Exercise goal:
Below are some records. Write out exactly their lines from the one with "Hanna elegáns női" through the one with "- Los valores", and leave the pictures behind.

Provided information:
________________
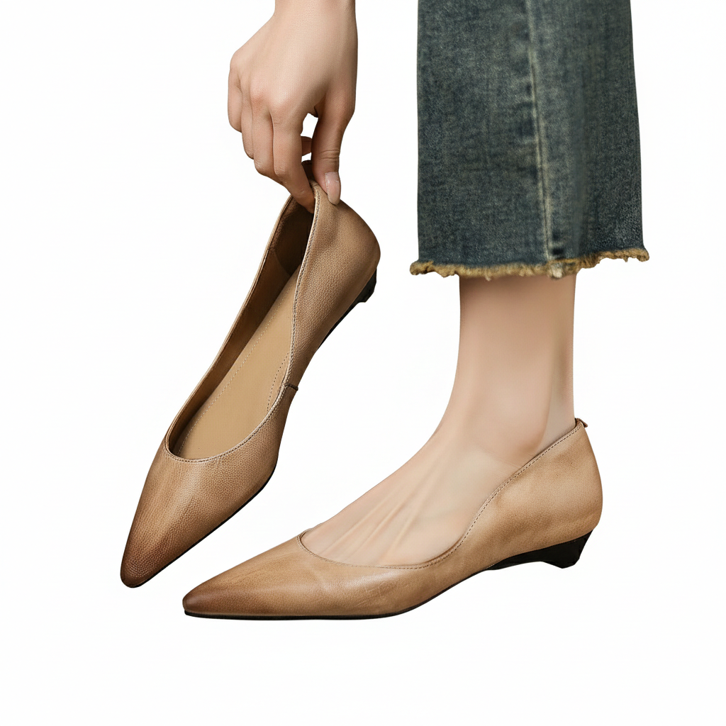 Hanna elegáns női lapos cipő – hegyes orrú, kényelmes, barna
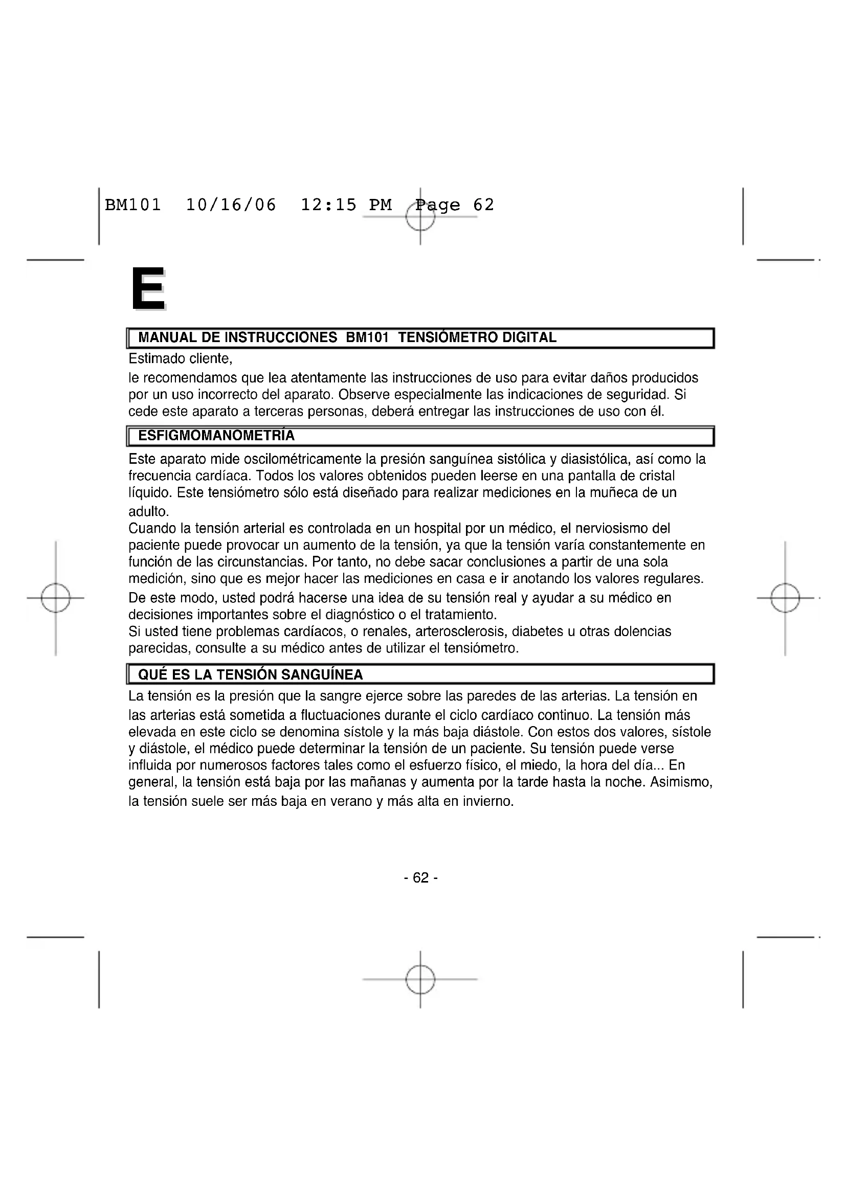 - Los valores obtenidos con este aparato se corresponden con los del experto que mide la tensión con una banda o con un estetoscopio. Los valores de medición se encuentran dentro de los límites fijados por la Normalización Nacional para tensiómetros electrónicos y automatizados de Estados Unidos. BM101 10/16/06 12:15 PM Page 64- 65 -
________________
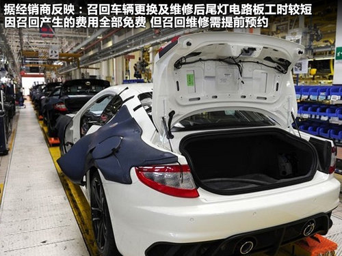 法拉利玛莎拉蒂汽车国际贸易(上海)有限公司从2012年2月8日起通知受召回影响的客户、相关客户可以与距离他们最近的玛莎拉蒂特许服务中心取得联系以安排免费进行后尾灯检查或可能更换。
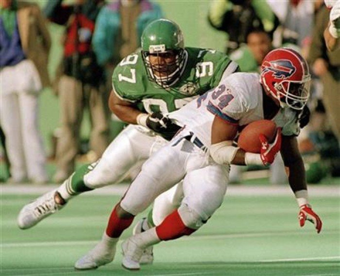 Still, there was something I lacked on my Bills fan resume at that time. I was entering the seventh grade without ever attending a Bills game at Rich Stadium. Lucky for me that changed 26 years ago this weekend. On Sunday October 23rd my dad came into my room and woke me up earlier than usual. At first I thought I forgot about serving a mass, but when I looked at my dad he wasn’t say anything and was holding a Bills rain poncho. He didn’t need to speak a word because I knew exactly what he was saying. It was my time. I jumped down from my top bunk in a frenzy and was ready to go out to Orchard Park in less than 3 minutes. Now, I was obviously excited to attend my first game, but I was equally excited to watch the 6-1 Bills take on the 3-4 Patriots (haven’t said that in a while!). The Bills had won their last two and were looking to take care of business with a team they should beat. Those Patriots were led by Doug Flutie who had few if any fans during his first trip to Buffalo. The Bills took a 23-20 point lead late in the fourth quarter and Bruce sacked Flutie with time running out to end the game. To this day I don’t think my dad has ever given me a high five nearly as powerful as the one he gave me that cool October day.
________________
Your solution:
 Hanna elegáns női lapos cipő – hegyes orrú, kényelmes, barna
 - Los valores obtenidos con este aparato se corresponden con los del experto que mide la tensión con una banda o con un estetoscopio. Los valores de medición se encuentran dentro de los límites fijados por la Normalización Nacional para tensiómetros electrónicos y automatizados de Estados Unidos. BM101 10/16/06 12:15 PM Page 64- 65 -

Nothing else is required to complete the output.